INFORMATION PROVIDED:
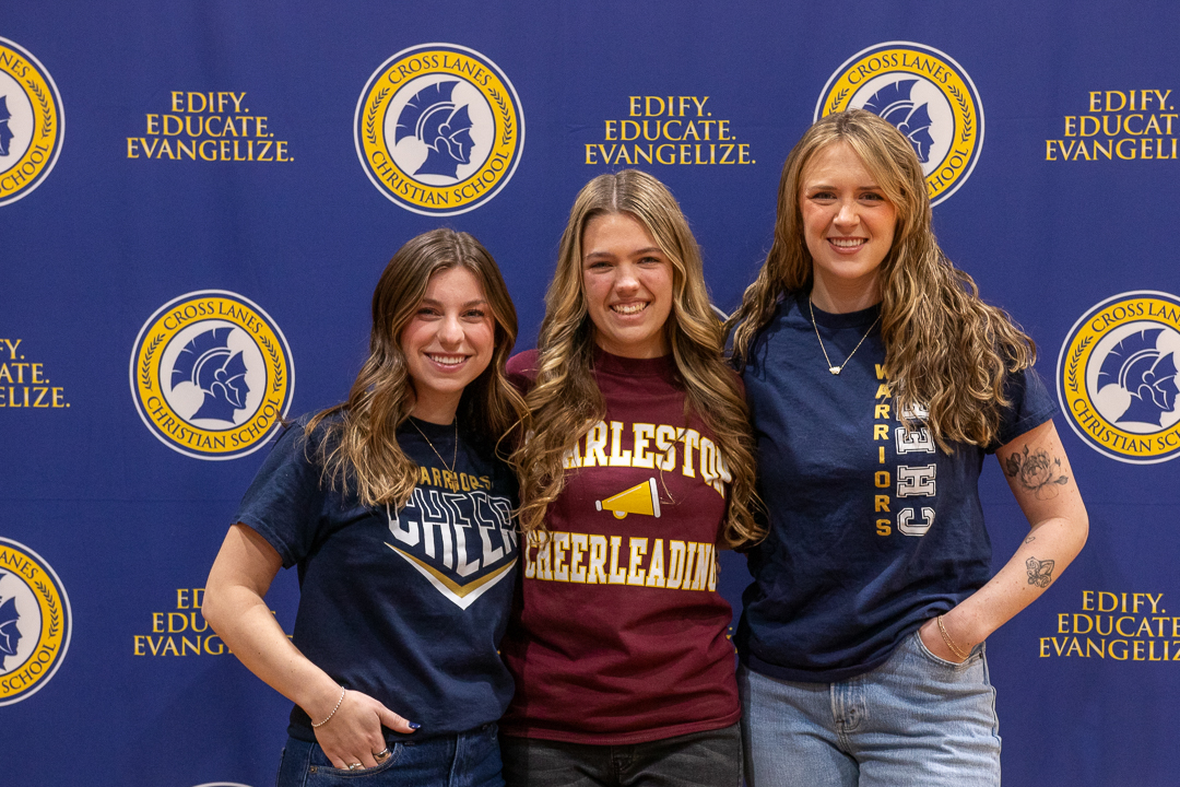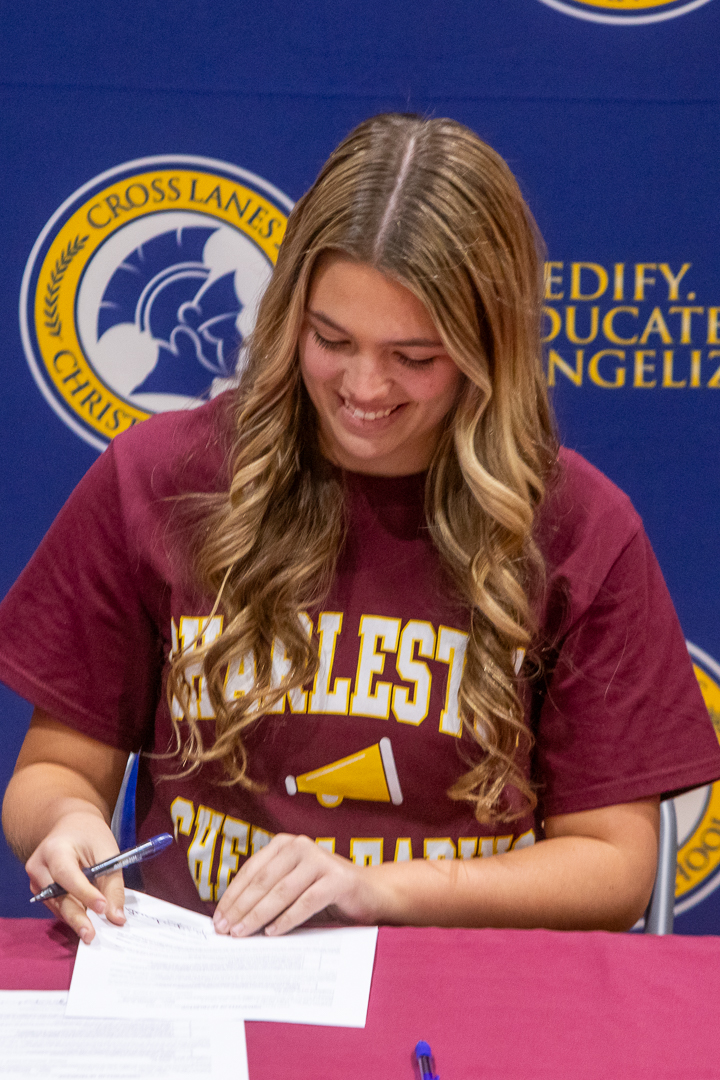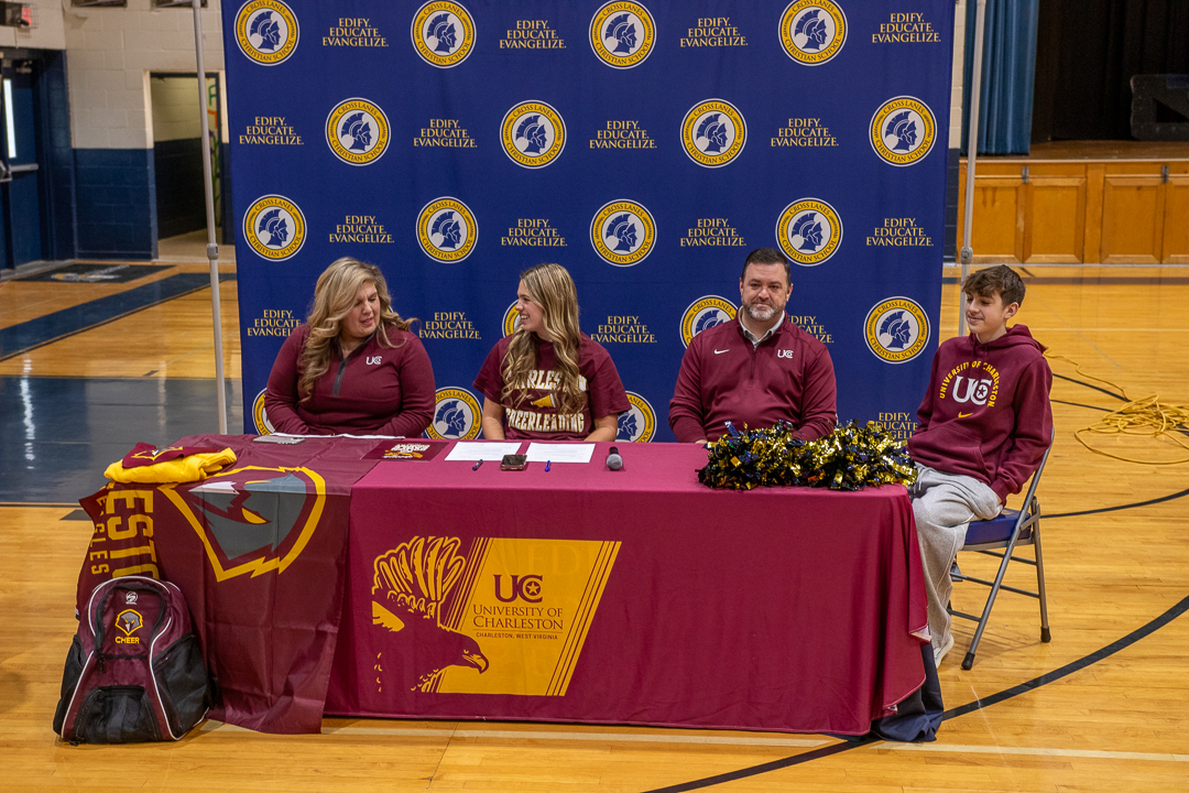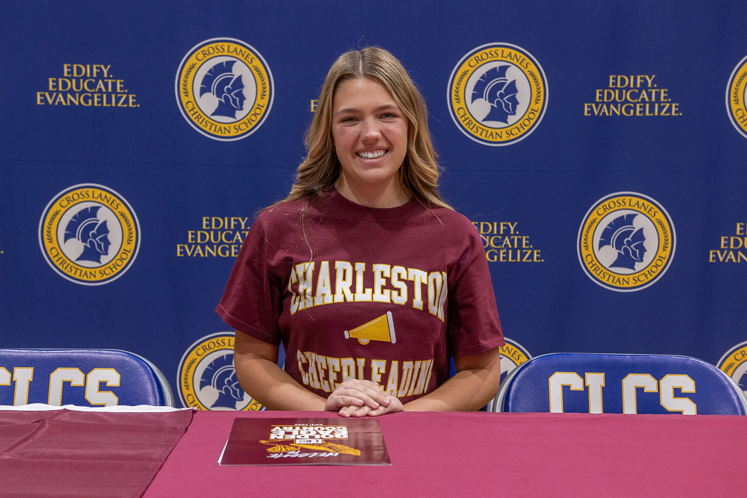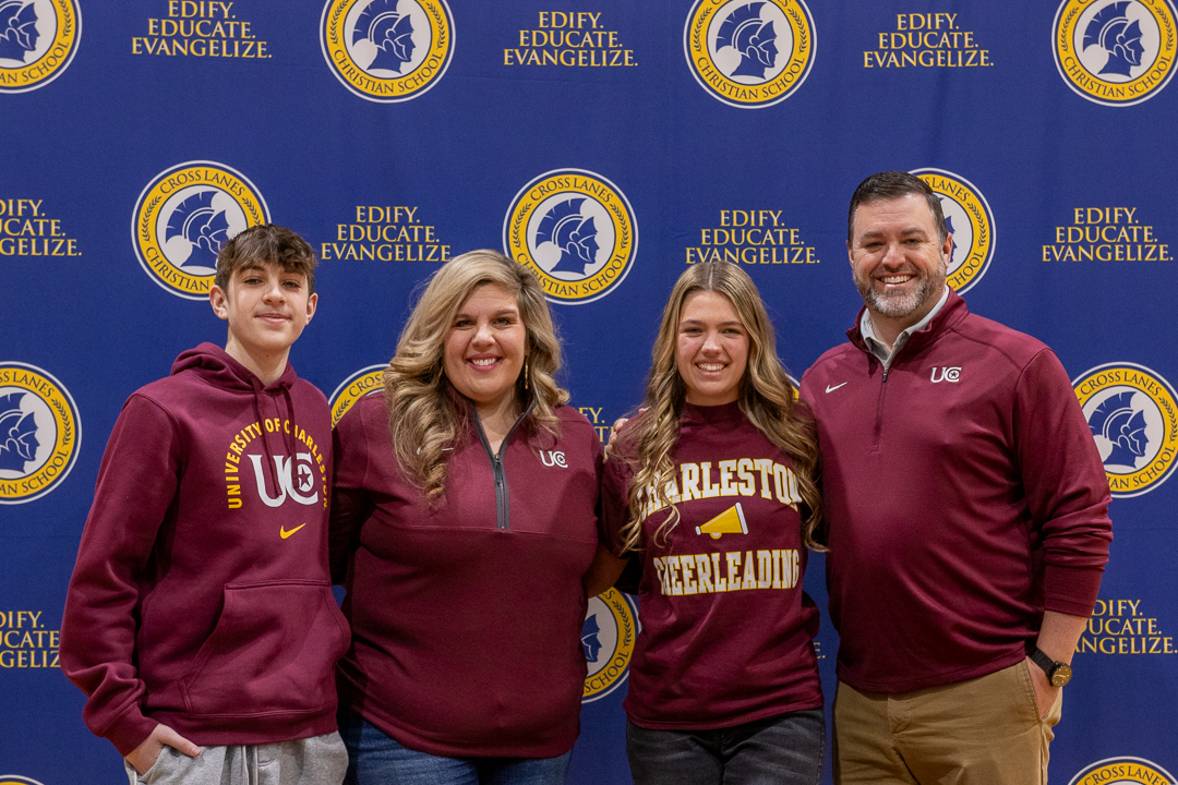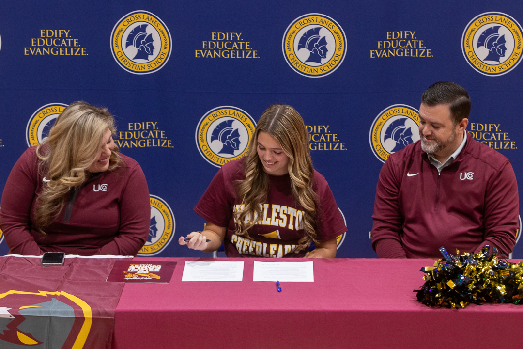 Miss Chloe Beakes, CLCS senior and daughter of Ben and Sarah Beakes, has committed to joining the University of Charleston’s cheer team! The signing ceremony took place in our school gymnasium January 8 with the student body in attendance. Chloe’s CLCS cheer coaches, Kalia Jeffrey and Aspen Gonzales, attended the ceremony. Coach Jeffrey and AD Blake Moore honored Chloe with congratulatory speeches.
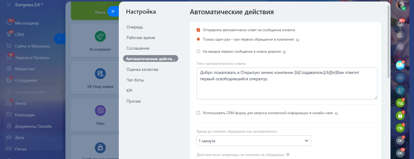В этом разделе настраиваются автоматические ответы клиентам — например, приветственное сообщение при первом обращении или текст, который отправляется, если оператор долго не отвечает. Здесь же можно задать, через сколько времени сообщение будет считаться неотвеченным, и что делать в этом случае. Кроме того, можно создать список быстрых ответов — шаблонов, которые помогут операторам отвечать быстрее и проще.
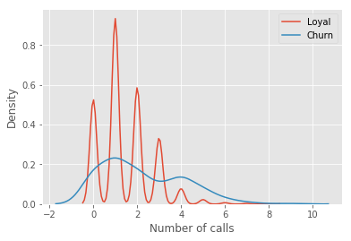 fig.set(xlabel='Number of calls', ylabel='Density')
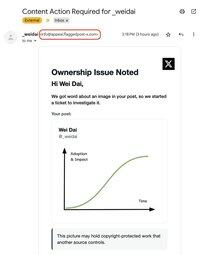 PSA: Probíhá phishingový útok, maskovaný jako upozornění na autorská práva k obsahu X.

PROBLEM STATEMENT:
Could every line above be set down exactly, with the pictures omitted?

THE ANSWER:
 Miss Chloe Beakes, CLCS senior and daughter of Ben and Sarah Beakes, has committed to joining the University of Charleston’s cheer team! The signing ceremony took place in our school gymnasium January 8 with the student body in attendance. Chloe’s CLCS cheer coaches, Kalia Jeffrey and Aspen Gonzales, attended the ceremony. Coach Jeffrey and AD Blake Moore honored Chloe with congratulatory speeches.
В этом разделе настраиваются автоматические ответы клиентам — например, приветственное сообщение при первом обращении или текст, который отправляется, если оператор долго не отвечает. Здесь же можно задать, через сколько времени сообщение будет считаться неотвеченным, и что делать в этом случае. Кроме того, можно создать список быстрых ответов — шаблонов, которые помогут операторам отвечать быстрее и проще.
 fig.set(xlabel='Number of calls', ylabel='Density')
 PSA: Probíhá phishingový útok, maskovaný jako upozornění na autorská práva k obsahu X.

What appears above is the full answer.